Alongside training, managers need to approach their workers on a human level, Greenberg says, and understand their situation—because, as an hourly worker, everyone’s situation is vastly different. There needs to be a balance between the hard needs—money and benefits, for example—and the soft needs, like belonging and purpose. “I believe that we need to meet employees as individuals, we need to get a sense of their individual circumstances and their individual goals. Are they looking to grow within your company and develop, or are they looking for money for prom?”

If an employee has a very entrepreneurial spirit, hoping to one day own their own business, why not treat their work like an internship, mentoring them alongside their paid job about the broader strokes of management or running a business? Or, if they seem disengaged, try understanding what it is they are looking for from the job. Greenberg believes that having such conversations with employees, even just for a few minutes a week, can help boost loyalty and engagement.

“The problem is that when we neglect their individuality, their unique humanity, then we’re going to have constant problems and constant turnover,” he says. “And still people think, ‘well, the retention problem is because people are lazy or don’t want to work.’”

Indeed, we need to stop treating them all like the stereotypical, blasé burger flippers—because it’s just not everyone’s reality. And even if it was, they’d still deserve a manager that understands their priorities.

“If you’re one of the few people who actually sees them as human beings and can accommodate them, they’re going to work harder, they’re going to be more loyal…and what’s more important as a manager than bringing out the best in your people?”

Company culture shock

Managers aren’t the only ones who can make a difference in an hourly worker’s life. At the company level, a lived-and-breathed culture needs to be implemented—one that makes sense to its workers.

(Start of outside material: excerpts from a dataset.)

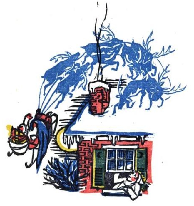 That shook when he laughed, like a bowl full of jelly. fíe was chubby and plump, a right jolly old elf, And I laughed when I saw him in spite of myself. A wink of his eye and a twist of his head Soon gave me to know I had nothing to dread; He spoke not a word, but went straight to his work, And filled all the stockings; then turned with a jerk, And laying his finger aside of his nose, And giving a nod, up the chimney he rose, sprang to his sleigh, to his team gave a whistle, And away they all flew like the down of a thistle. But I heard him exclaim, ere he drove out of sight, "Happy Christmas to all, and to all a good-night."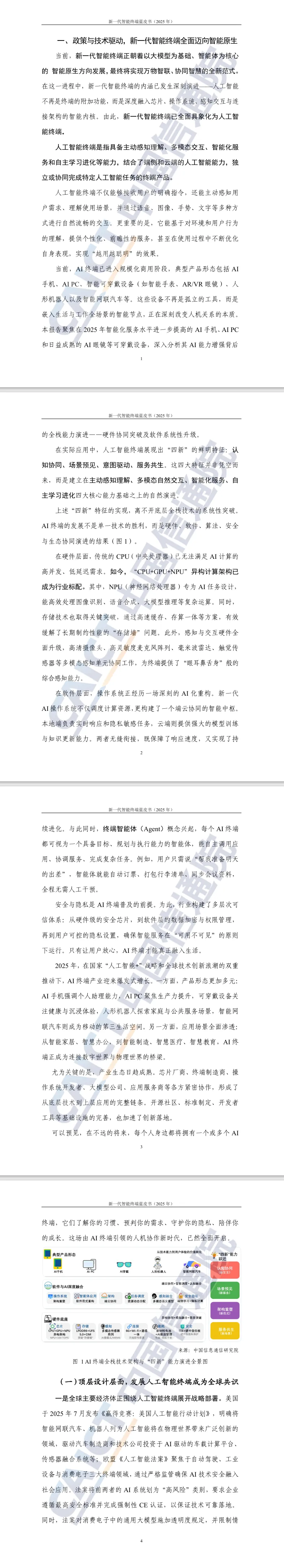 摘要:本报告系统解读了新一代智能终端从"人工智能+终端"到人工智能终端的历史性跨越,让行业从业者与投资者深入了解产业发展现状与核心逻辑。终端呈现认知协同、场景预见等"四新"特征,AI手机、AIPC等产品规模化商用,硬件端"CPU+GPU+NPU"异构架构成标配,软件端操作系统与智能体深度融合。政策加持下,终端生态持续完善,为把握智能终端普及红利提供清晰指引。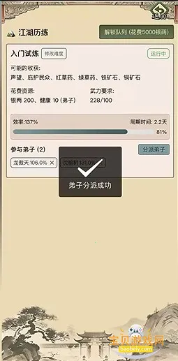 3. 充满变数的江湖历练:派遣内门弟子外出闯荡,挑战难度各异的历练任务,每次江湖之行都可能带回丰厚奖励,助力门派跃升。江湖中各类随机事件不断,每一次选择都影响门派声望与未来发展。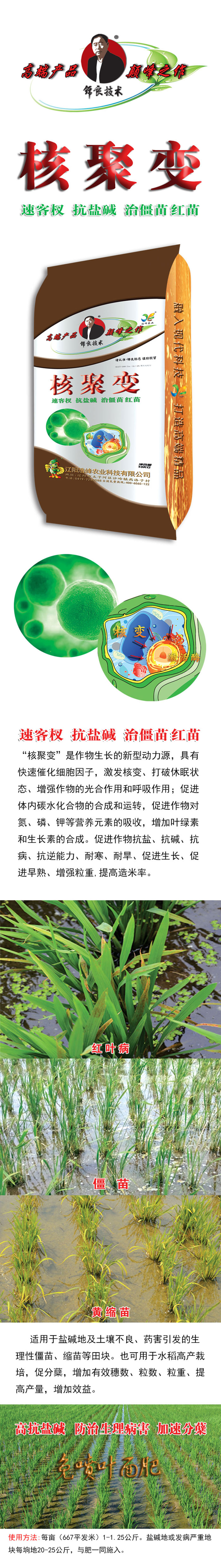 “核聚變”是作物生長的新型動力源,具有快速催化細(xì)胞因子,激發(fā)核變、打破休眠狀態(tài)、增強(qiáng)作物的光合作用和呼吸作用;促進(jìn)體內(nèi)碳水化合物的合成和運(yùn)轉(zhuǎn),促進(jìn)作物對氮、磷、鉀等營養(yǎng)元素的吸收,增加葉綠素和生長素的合成。促進(jìn)作物抗鹽、抗堿、宀?、抗逆能力、亩d?、亩d怠⒋俳?、促进钥r?、澡幙粒?,提高造米率。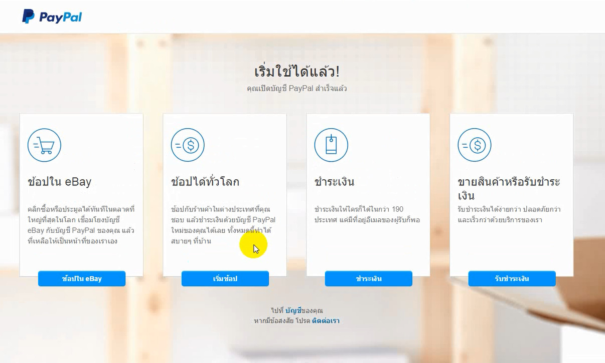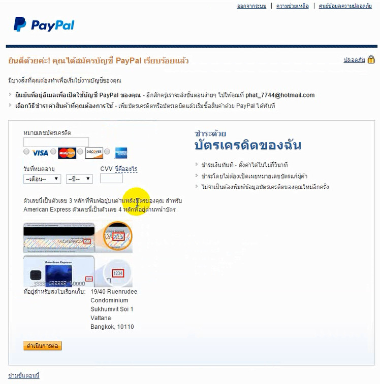 6. เป็นการเสร็จสิ้นขั้นตอนการสมัคร จากนั้นให้ไปที่อีเมลของเพื่อนๆ จะได้รับจดหมายยืนยันอีเมลดังรูป ให้กด 'เปิดบัญชีของฉัน' เป็นอันเสร็จขั้นตอนการสมัคร หลังจากนั้นทาง PayPal จะทดลองหักเงินบางจำนวนจากบัตรเราและคืนเงินให้ทันที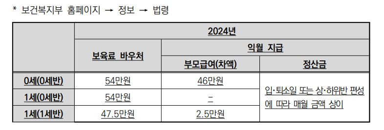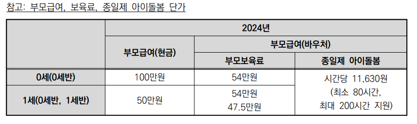 2024년부터는 부모급여 지급대상에게 만 0세 아동에게 월 100만 원, 만 1세 아동에게 월 50만 원이 지급되며, 이는 현금 또는 어린이집 보육료 바우처로 제공됩니다.

For many companies, culture is just a tagline, a marketing ploy. “These big grand mission statements that no one understands using these big words for values that no one really gets—they don’t really apply,” says Greenberg. “If it doesn’t have meaning for the hourly worker, well, then it’s not going to have any impact, and it serves no purpose.”

But, what is culture, in a broader sense? It refers to a specific set of social norms that exist between two or more people—and everyone has a culture. Everything has a culture, from a country, to a marriage, or even a prison block, he says.

Great organizations, again, take a human approach. “They create a culture that meets the emotional and psychological needs of the people they’re trying to recruit. It means creating a workplace that that gives them a sense of belonging, a sense of purpose.”